> **EXERCISE PROMPT**: In the records below, find the line containing "Image: The Kapbom" and repeat it and every line after it exactly, without pictures.

Stored data:
++++++++++

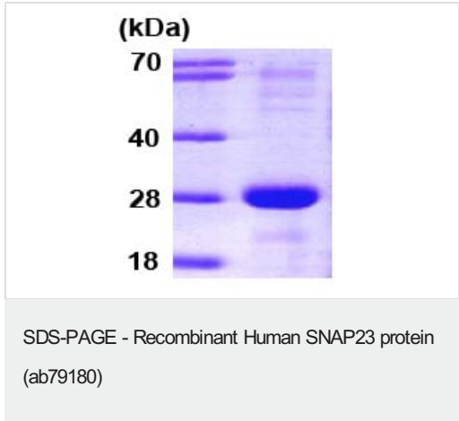
15% SDS-PAGE showing ab79180 (3µg).
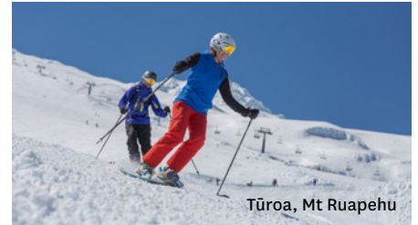
Tūroa, Mt Ruapehu
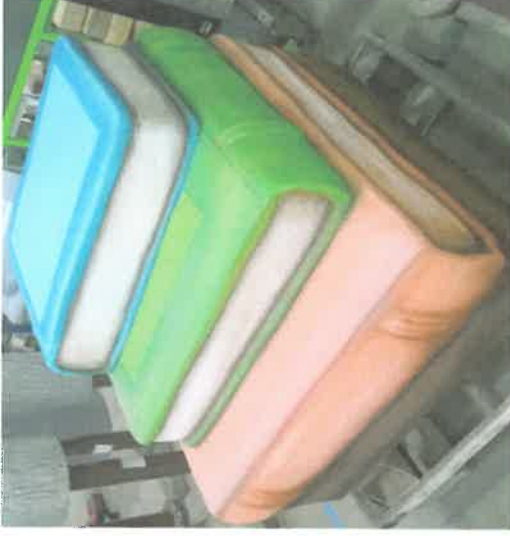
LSI GFRC Book stack - Reference Picture Only

Concepts only and is subject to change based on new info
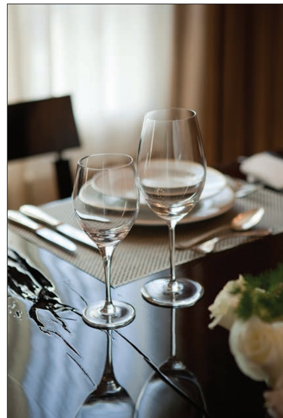
Details of the Owner Suite's living area, dining area, and bathroom

The scene is complete with the marvelous vista of the Avenida 9 de Julio, and its obelisk, peeping into the windows among perfumes of wood, lavender, and leather. ●
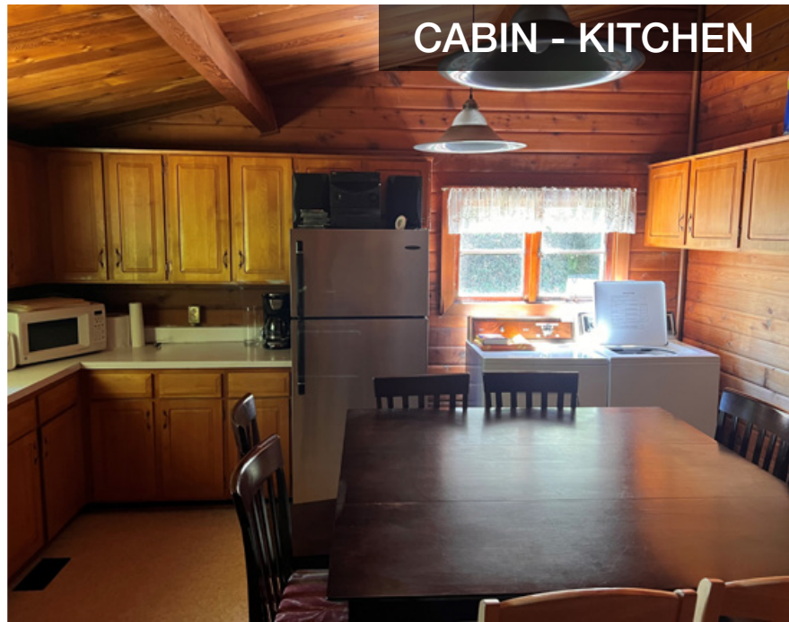
CABIN - KITCHEN
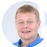
Sven Panke Bioprocess Laboratory
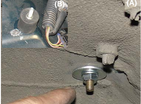
The flange nut and fender washer is fastened to the vibra-mount stud, view from inside wheel well (A). Vibra-mount is now installed, view from engine compartment (B).
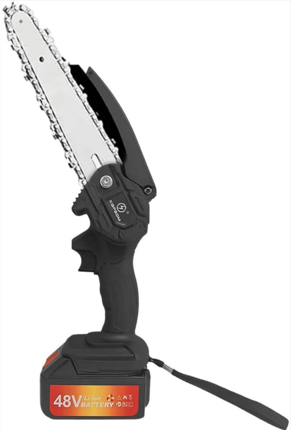
Image: The Kapbom Mini Electric Portable Chainsaw fully assembled, showing the guide bar and chain in place.
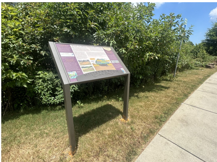
Stormwater Green Infrastructure Interpretive Sign

++++++++++

> **EXERCISE OUTPUT**:
Image: The Kapbom Mini Electric Portable Chainsaw fully assembled, showing the guide bar and chain in place.
Stormwater Green Infrastructure Interpretive Sign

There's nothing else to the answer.